In the second round of the Eastern Conference Playoffs, the Sun had to face the Detroit Shock. Since the Shock had the better record, the series would be played with game 1 at Connecticut and games 2 and 3 (if needed) at Detroit.
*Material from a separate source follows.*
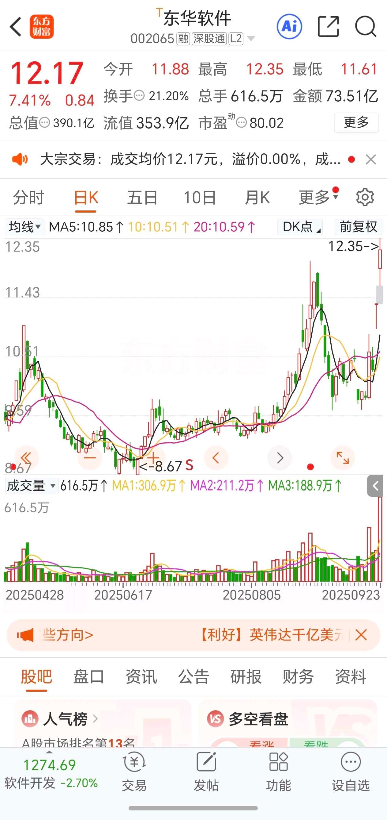 东华软件:1进2断板,炒作战略合作摩尔线程+AI大模型。

The Shock swept the Sun and game 3 was not needed.

| Game | Date | Opponent | Result | Record |
|---|---|---|---|---|
| 1 | August 28 | Charlotte | W 68–66 | 1–0 |
| 2 | August 30 | @ Charlotte | W 68–62 | 2–0 |
| 3 | September 5 | Detroit | L 63–73 | 2–1 |
| 4 | September 7 | @ Detroit | L 73–79 | 2–2 |

==Depth==
| Pos. | Starter | Bench | Inactive |
| C | Taj McWilliams-Franklin | Jessie Hicks | |
| PF | Brooke Wyckoff | Wendy Palmer -- Rebecca Lobo | |
| SF | Katie Douglas | Courtney Coleman | |
| SG | Nykesha Sales | Adrienne Johnson | |
| PG | Shannon Johnson | Debbie Black | |

==Player stats==
- http://www.wnba.com/sun/stats/2003/

==Awards and honors==
- Shannon Johnson and Nykesha Sales were named to the WNBA All-Star team.
- Nykesha Sales was given the Off Season Community Assist Award.